I reckon its more like 3 litres of water.

3 protein shakes 1.5 litres

4 green tea a day

500 ml bottle water


----------



## aka (Jun 25, 2010)

I could be wrong but from the top of my head I think green tea doesn't count as intake water coz it causes dehydration

my gf used to go a yoga lessons that had a room blasted with steam, they said that the body (muscles, tendons, etc) work better that way


----------



## ronnie cutler (Dec 29, 2009)

Extreme said:


> They only cause you to lose water weight for a short period of time


Directly from their website

"Sweatz Vests make you lose weight by burning calories. The more you sweat wearing a Sweatz Vest the more calories you burn off. This has nothing to do with water loss as we stress that you should drink plenty of water while training with a Sweatz Vest to replace all lost fluid.

It is designed specifically to increase body temperature so that the body has to thermo regulate (produce a deep, profuse sweat to maintain normal body temperature) and this burns off between an extra 300-800 calories.

It's simple! We had the Sweatz Vest tested at one of the UK's leading universities and the results were amazing! This testing proves that not only does the Sweatz Vest burn off these amounts of calories but also proves that it is the world's best and only genuine weight loss product!"

Sweatz Sportz vests, the best way to lose weight while exercising - Sweatz Sportz


----------



## crazycal1 (Sep 21, 2005)

train in a warm room then...

cant think of anything more claustrophobic and an unpleasant way to train tbh..

and as i said on shoutbox..dehydration would concern me..


----------



## gazza123 (Mar 22, 2011)

why use ashitty vest though? just get a full suit surely that would makeyou hotter? hence burn even more than they claim


----------



## London1976 (Oct 16, 2009)

It is a whole suit but dont wanna wear all of it while lifting weights, might wear the whole suit in my morning cardio.


----------



## aka (Jun 25, 2010)

London1976 said:


> might wear the whole suit in my morning cardio.


make sure you don't get arrested


----------



## London1976 (Oct 16, 2009)

When i get it i will wear the suit in da morning when the gym is empty and the top in the afternoon


----------



## aka (Jun 25, 2010)

London is this what you are talking about?


----------



## London1976 (Oct 16, 2009)

Haha i will get sanctioned and put in a mental asylum if i wore that in the gym.
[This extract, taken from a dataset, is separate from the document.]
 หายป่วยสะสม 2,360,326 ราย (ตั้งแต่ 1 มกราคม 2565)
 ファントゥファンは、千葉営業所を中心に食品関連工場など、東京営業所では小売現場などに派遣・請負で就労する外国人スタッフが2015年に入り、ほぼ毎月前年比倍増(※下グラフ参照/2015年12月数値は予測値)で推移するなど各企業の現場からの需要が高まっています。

Click on my link on the 1 post.


----------



## aka (Jun 25, 2010)

hahaha thats hilarious

what about wrapping yourself with cling film? cheapper and you can wrap the bits that you want only, lol


----------



## London1976 (Oct 16, 2009)

Haha too much hassle mate. Do you see my rep i gave ya, return it please


----------



## ronnie cutler (Dec 29, 2009)

to all you haters in your ivory towers ...

just keep on knocking what you've never actually tried out for yourselves ...
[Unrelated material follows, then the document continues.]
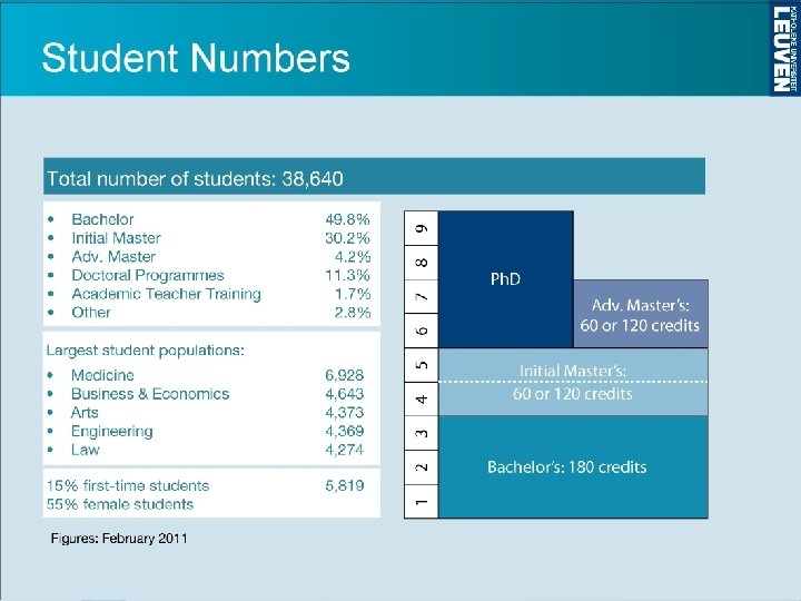 Historiek begeleiding studenten met een functiebeperking (2) • 2000: Oprichting Werkgroep Psychosociale Omkadering voor de begeleiding van studenten met een psychiatrische functiebeperking • 2007: Oprichting Cel Studeren met een functiebeperking – Dienst Studentenvoorzieningen – Uitbreiding zorgcoördinatie • 2011: opening nieuwe Residentie De Vesten met 2 gangen voor omkadering
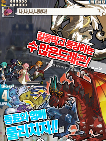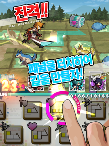 패널을 터치하여 길을 만들면 영웅들이 드래곤에게 진격합니다.

enjoy your 3 sets of 10, your steady state cardio & your thermobol

however, i am willing to give things recommended to me a go, to find out for myself, make an educated judgement and move on


----------



## London1976 (Oct 16, 2009)

I will buy the suit next week, it wont do no harm in trying.


----------



## ronnie cutler (Dec 29, 2009)

i like the look of the premier one ...

looks nothing like those crap ones from Argos!!
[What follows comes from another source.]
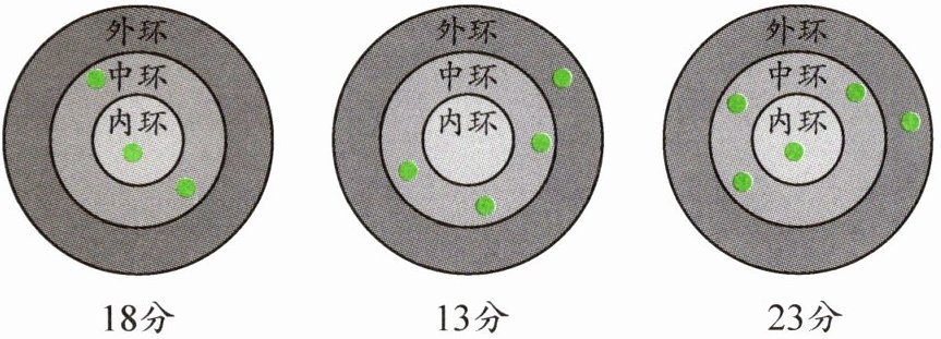 7. 一种射击游戏,射中内环、中环、外环的得分各不相同。小奇玩了三轮,下面是他的得分情况。

let me know what you think when you trial it

i'm very tempted myself!


----------



## London1976 (Oct 16, 2009)

I saw a guy this morning with it on in the gym and it looks ok ron, i can do 30 mins cardio and not break into a sweat. So lets see if this works. The person was in the gym for 10 mins benching and he was dripping lol


----------



## aka (Jun 25, 2010)

You lucky that live in London and could wear a giant condom from head to toe and no one would notice. On the other hand I live in the country and I could be stoned to death by the locals.


----------



## London1976 (Oct 16, 2009)

Its more like a shell suit than anything else.


----------



## franki3 (Oct 11, 2009)

London1976 said:


> Its more like a shell suit than anything else.


Just put on your black fuzzy wig and you will well away! Lol


----------



## London1976 (Oct 16, 2009)

hey calm down calm down lol


----------



## crazycal1 (Sep 21, 2005)

my steady old 3 sets of 10 has taken me a long way..

i`m just waitin for you to catch up..

both of you will get complacent and fcuk up on water at some point...

thats the thing about dehydration your usually the last to know whats hit ya.

i used to push myself to much and run out of carbs when i`d walked the dogs post training without a shake in me..

several times i nearly collapsed thru lack of sugars..

fcuking long SLOW walk home...


----------



## cornish_celt (Feb 17, 2009)

I just watched JackAss 3 and really cannot take the idea of sweatsuits seriously!!ound:

If I even think about sweatsuits, I just want to chuck up!:dizzy:

[ame]



[/ame]


----------



## ronnie cutler (Dec 29, 2009)

TheCrazyCal said:


> my steady old 3 sets of 10 has taken me a long way..
> 
> i`m just waitin for you to catch up..


:high5:

love it

you've got a few more years on me though ... what was it like training with the great Eugen Sandow?

lets see what the next 10 years brings for me!?

(loving the banter)


----------



## crazycal1 (Sep 21, 2005)

yeah man, lets see what you look like at 43 

those top abs should be coming thru a treat by then..

and london will have his 6 pack...

and i daresay franks chat up lines will have finally got him laid...

the next decade is bright...

as for me..

i`ll be training A list movie actors and flown around the world to exotic locations to work my magic..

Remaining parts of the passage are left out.